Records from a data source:
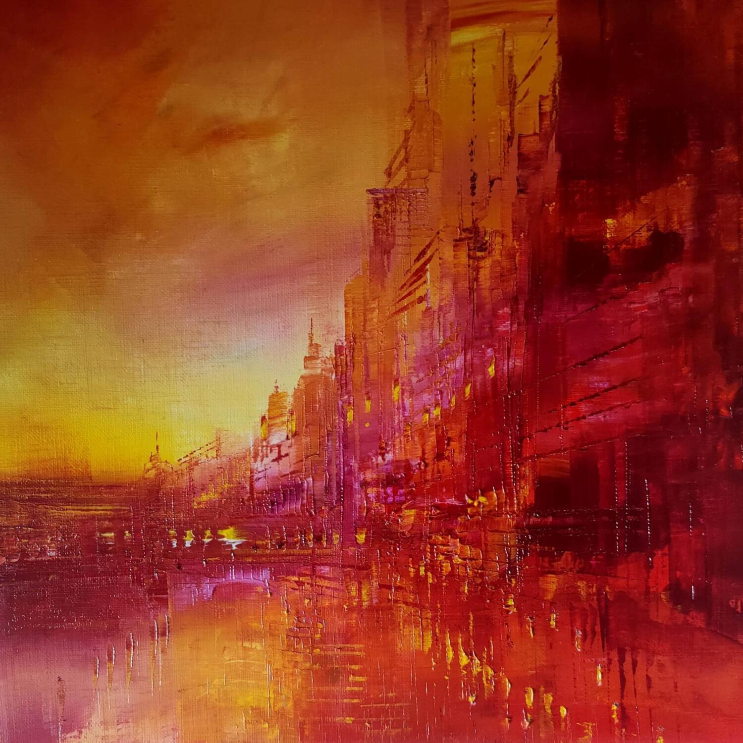 Painting Ville de feu by Levesque Emmanuelle | Painting Oil
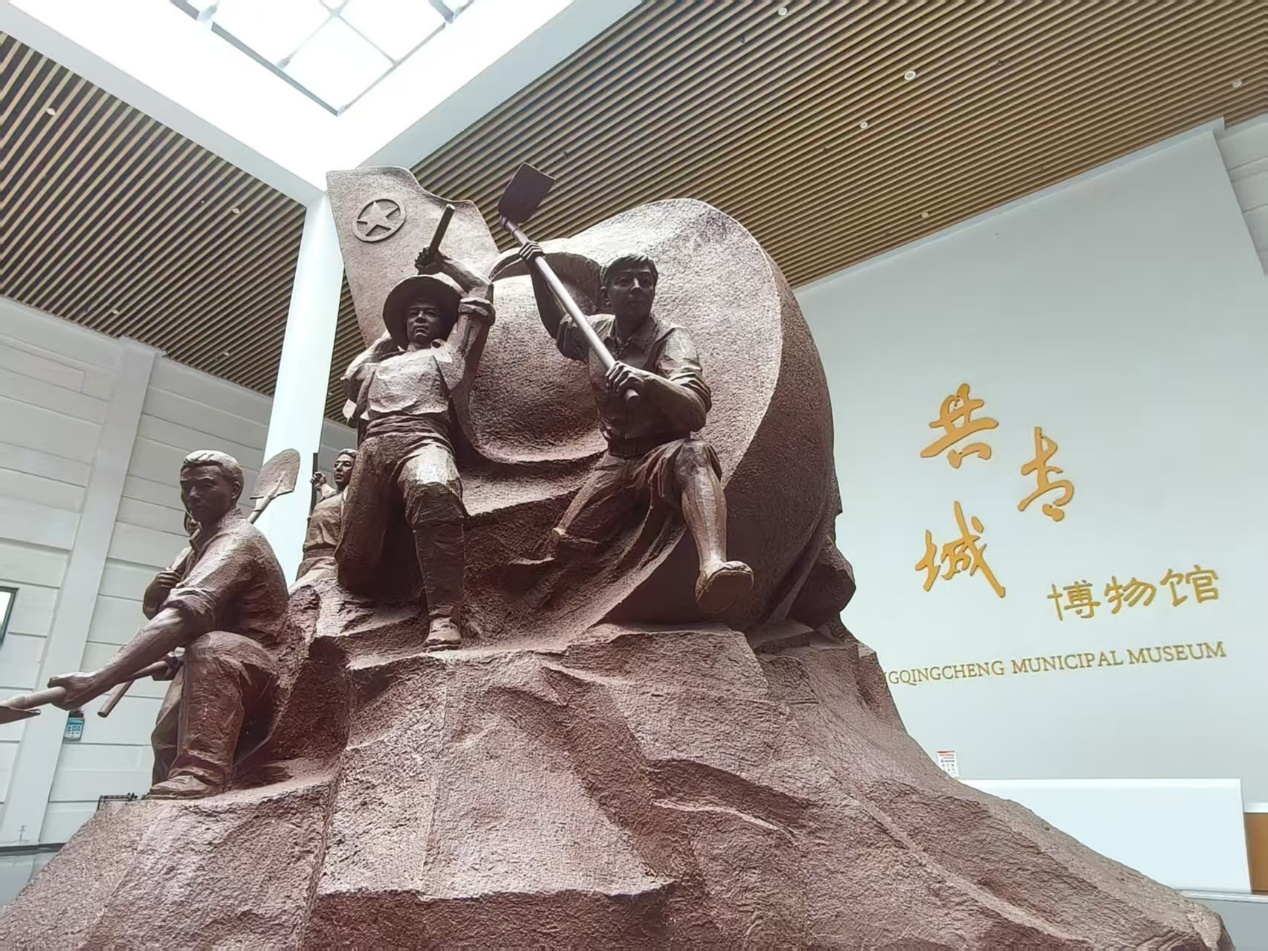實踐隊前往共青城市博物館,了解共青城市的蛻變歷史,體會墾荒創業的艱辛刻苦。踏入博物館,映入眼簾的是共青城市“開路先鋒”的栩栩如生的雕塑,仿若20世紀50年代堅忍不拔、開拓奮進的上海青年志愿者們就站立在我們面前。他們昂首挺胸,干勁十足,有的揮著鋤頭,有的拿起鐵鍬,有的舉起拳頭,眼里充滿著希望。         接下來,實踐隊員紛紛走進展館,了解共青歷史,感受“堅韌不拔、艱苦創業、崇尚科學、開拓奮進”‌的共青精神。雙眼觸及之處,絕不僅僅只是一面墻、一段文字、一尊雕塑,還是半個多世紀以來,幾代共青人在鄱陽湖畔的荒灘野嶺灑下的青春和汗水,他們開辟了一片新天地,完成了從共青社到共青墾殖場,到共青城開放開發區,再到共青城市的蛻變,建起了一座新城市。
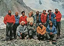 - En la foto de grupo de junio, los miembros del equipo fueron: de pie, de izquierda a derecha: Achille Compagnoni, Ugo Angelino, Gino Pagani (doctor), Mario Fantin (filmador), Ardito Desio (líder, con los brazos cruzados), Erich Abram, Gino Solda, Lino Lacedelli, Walter Bonatti, Sergio Viotto, Pino Gallotti; delante: Ubaldo Rey, Cirillo Floreanini, Mario Puchoz.
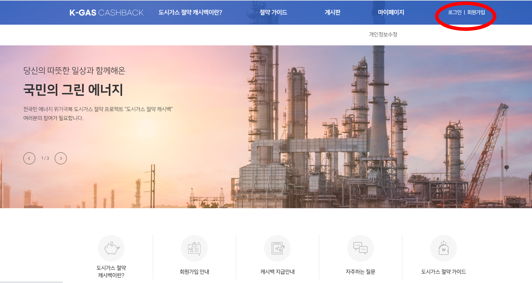 • 도시가스 캐시백 전용 포털에 접속합니다.
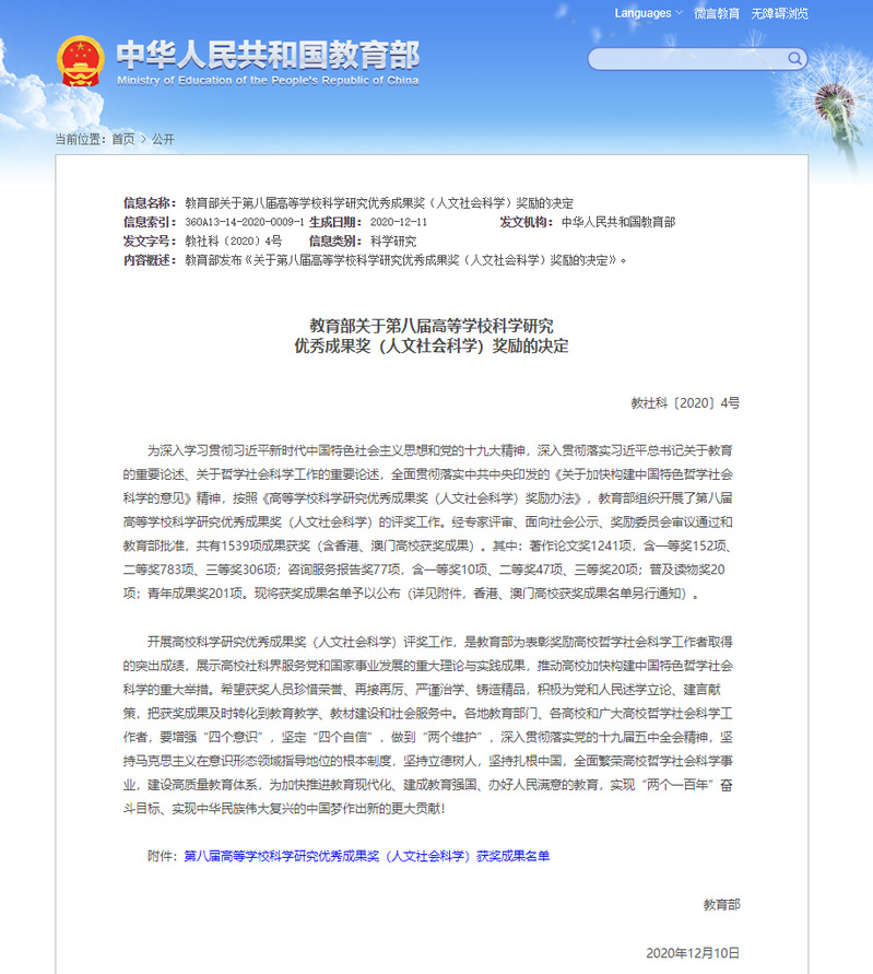 据悉,教育部高等学校科学研究优秀成果奖(人文社会科学)是中国人文社科领域最高层次的科研奖励,每三年评选一次。本次共有1539项成果获奖(含香港、澳门高校获奖成果),其中:著作论文奖1241项,含一等奖152项、二等奖783项、三等奖306项;咨询服务报告奖77项,含一等奖10项、二等奖47项、三等奖20项;普及读物奖20项;青年成果奖201项。在本届评奖工作中,东北大学共有3项成果获奖,其中二等奖1项、三等奖2项。
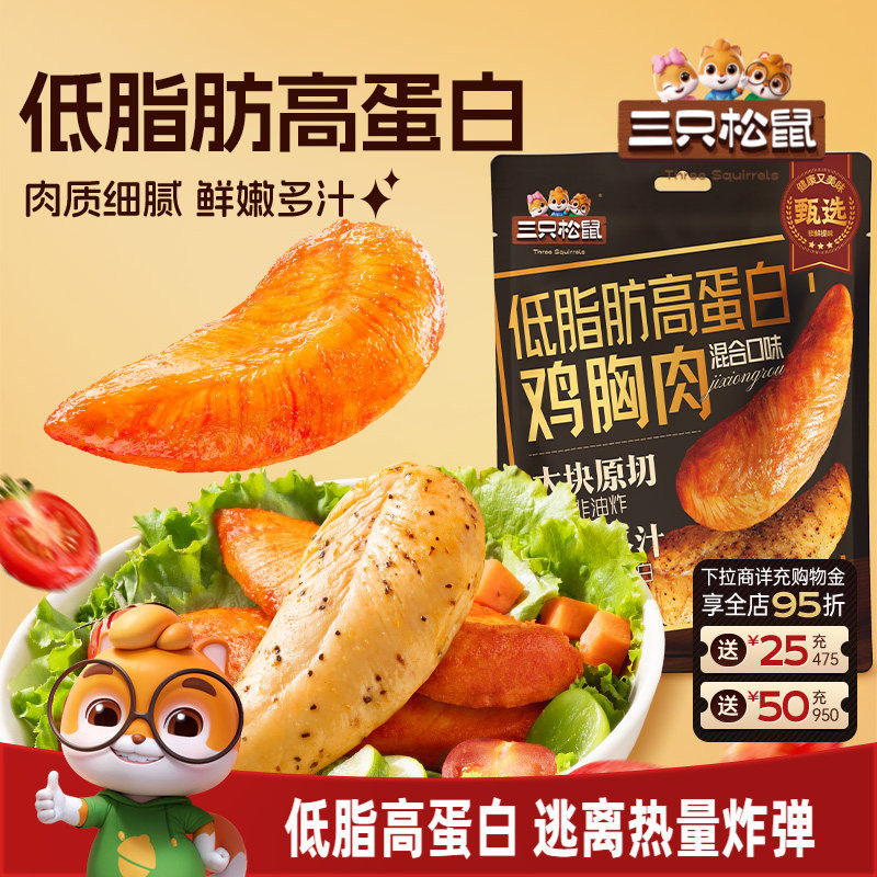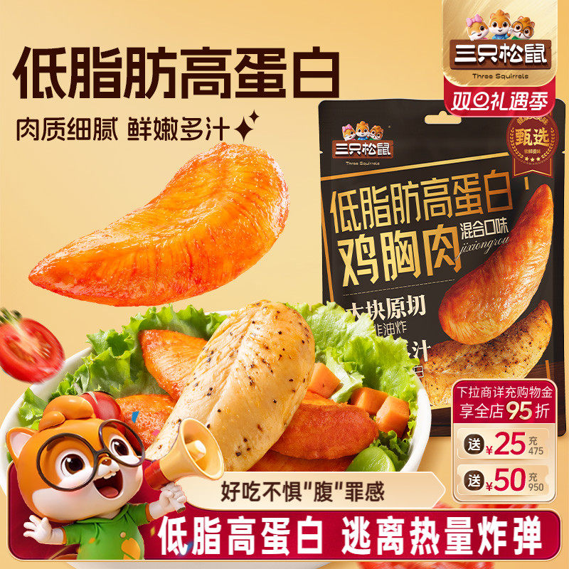 -> 三只松鼠_低脂高蛋白鸡胸肉解馋即食低脂代餐小零食小吃鸡肉熟食
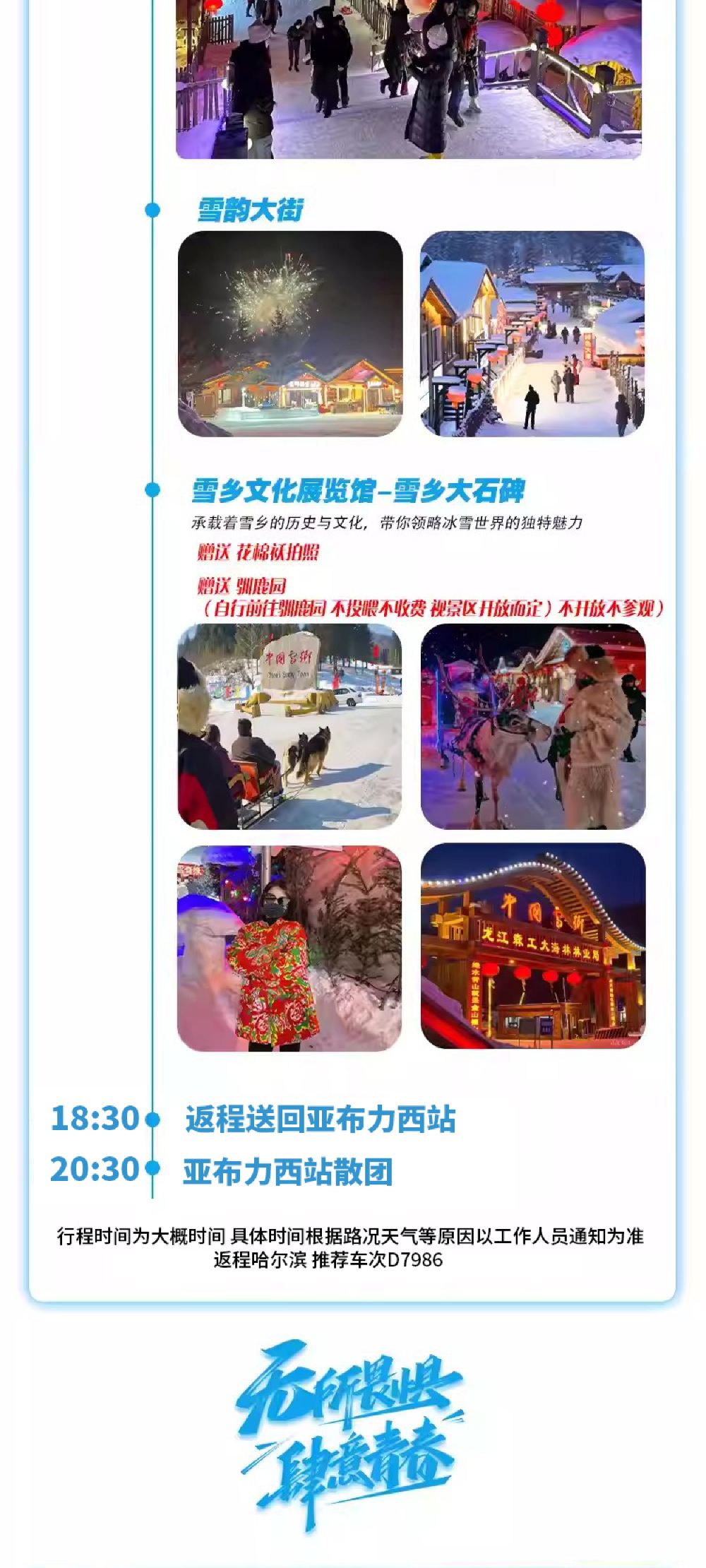 雪乡返程时间18.30分到达亚布力西站20点30分散团
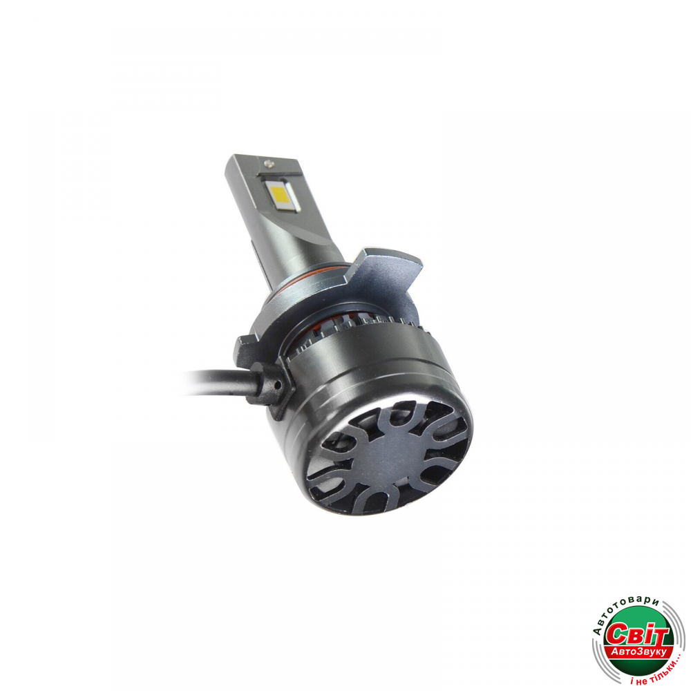 Корпус изготовлен из легкого алюминиевого сплава с медной подложкой и термопастой, что позволяет лучше отводить тепло от светодиодных элементов. Система охлаждения активная, представленная стандартным радиатором ребристой формой и встроенным кулером, это идеальное решение для более быстрой теплоотдачи, что позволит использовать лампы на полную мощность. Класс защиты по стандарту IP67, что позволяет использовать лампочку в агрессивных условиях окружающей среды. Тип цоколя HIR2 (9012), предназначен для ближнего света.
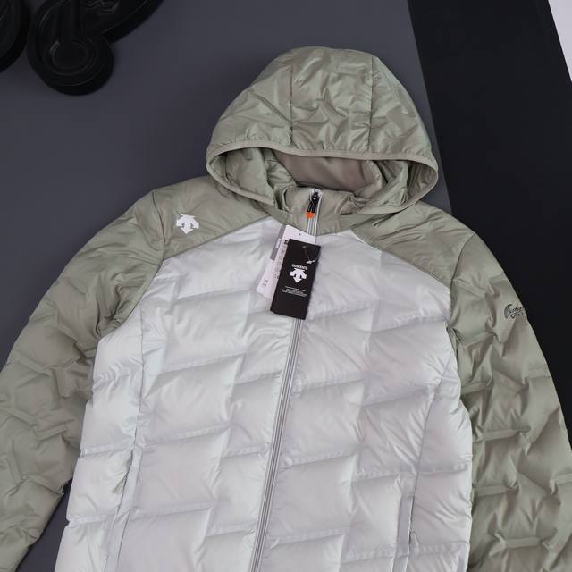 Descente 2025 Autumn/Winter New Style Hooded Lightweight Down Jacket DDD This jacket is made of high-density, ultra-lightweight, functional down fabric that is dense, tight, windproof, waterproof, and prevents down leakage. The inner lining features a graphene heating element for heat retention and conduction. The hood is detachable for two-in-one wear. The cuffs have a windproof design for heat retention. The inner fleece is made of 80% white duck down. This product is genuine and supports testing. It is a 1:1 replica of the original from boutiques. It is lightweight, stylish, and not bulky. A must-have for winter! DDD Color: Black and White Color Block DDD Size: M-3XL DDD
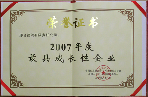 2008年1月,邢鋼榮獲由中國企業(yè)聯(lián)合會(huì)、中國企業(yè)家協(xié)會(huì)頒發(fā)的“2007年度最具成長性企業(yè)”榮譽(yù)稱號(hào)。
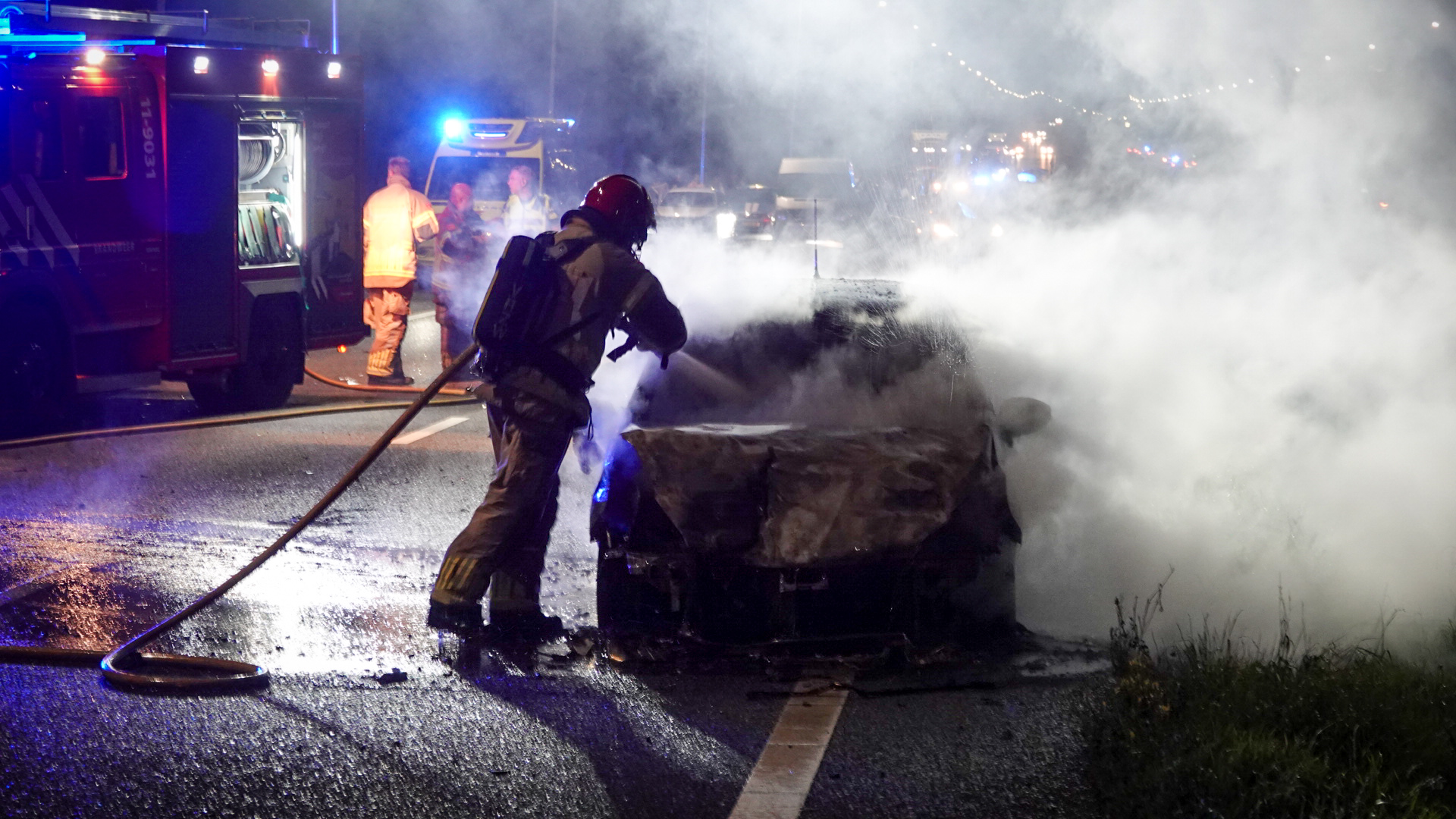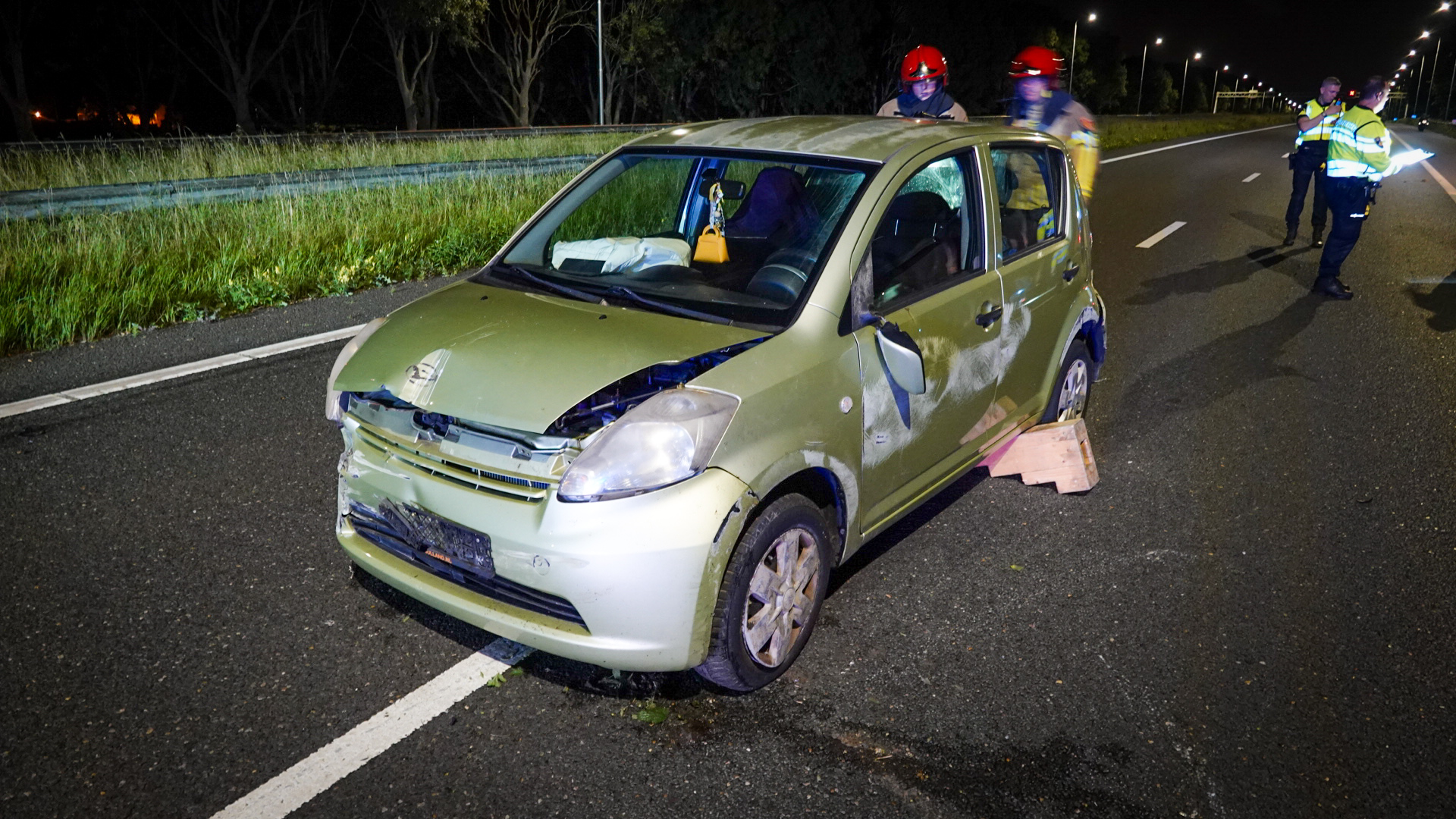 De brandweer bluste de brandende auto, die volledig uitbrandde. De A7 is vanaf Avenhorn volledig afgesloten voor verkeer. De politie onderzoekt de toedracht en Rijkswaterstaat voert een spoedreparatie aan de vangrail uit.

* _WHAT IS BEING ASKED_
Copy the entries above exactly, but only the stretch from the line containing "- En la foto" through the line containing "Корпус изготовлен из". Keep both end lines; drop the pictures.

* _OUTPUT OF THE TASK_
 - En la foto de grupo de junio, los miembros del equipo fueron: de pie, de izquierda a derecha: Achille Compagnoni, Ugo Angelino, Gino Pagani (doctor), Mario Fantin (filmador), Ardito Desio (líder, con los brazos cruzados), Erich Abram, Gino Solda, Lino Lacedelli, Walter Bonatti, Sergio Viotto, Pino Gallotti; delante: Ubaldo Rey, Cirillo Floreanini, Mario Puchoz.
 • 도시가스 캐시백 전용 포털에 접속합니다.
 据悉,教育部高等学校科学研究优秀成果奖(人文社会科学)是中国人文社科领域最高层次的科研奖励,每三年评选一次。本次共有1539项成果获奖(含香港、澳门高校获奖成果),其中:著作论文奖1241项,含一等奖152项、二等奖783项、三等奖306项;咨询服务报告奖77项,含一等奖10项、二等奖47项、三等奖20项;普及读物奖20项;青年成果奖201项。在本届评奖工作中,东北大学共有3项成果获奖,其中二等奖1项、三等奖2项。
 -> 三只松鼠_低脂高蛋白鸡胸肉解馋即食低脂代餐小零食小吃鸡肉熟食
 雪乡返程时间18.30分到达亚布力西站20点30分散团
 Корпус изготовлен из легкого алюминиевого сплава с медной подложкой и термопастой, что позволяет лучше отводить тепло от светодиодных элементов. Система охлаждения активная, представленная стандартным радиатором ребристой формой и встроенным кулером, это идеальное решение для более быстрой теплоотдачи, что позволит использовать лампы на полную мощность. Класс защиты по стандарту IP67, что позволяет использовать лампочку в агрессивных условиях окружающей среды. Тип цоколя HIR2 (9012), предназначен для ближнего света.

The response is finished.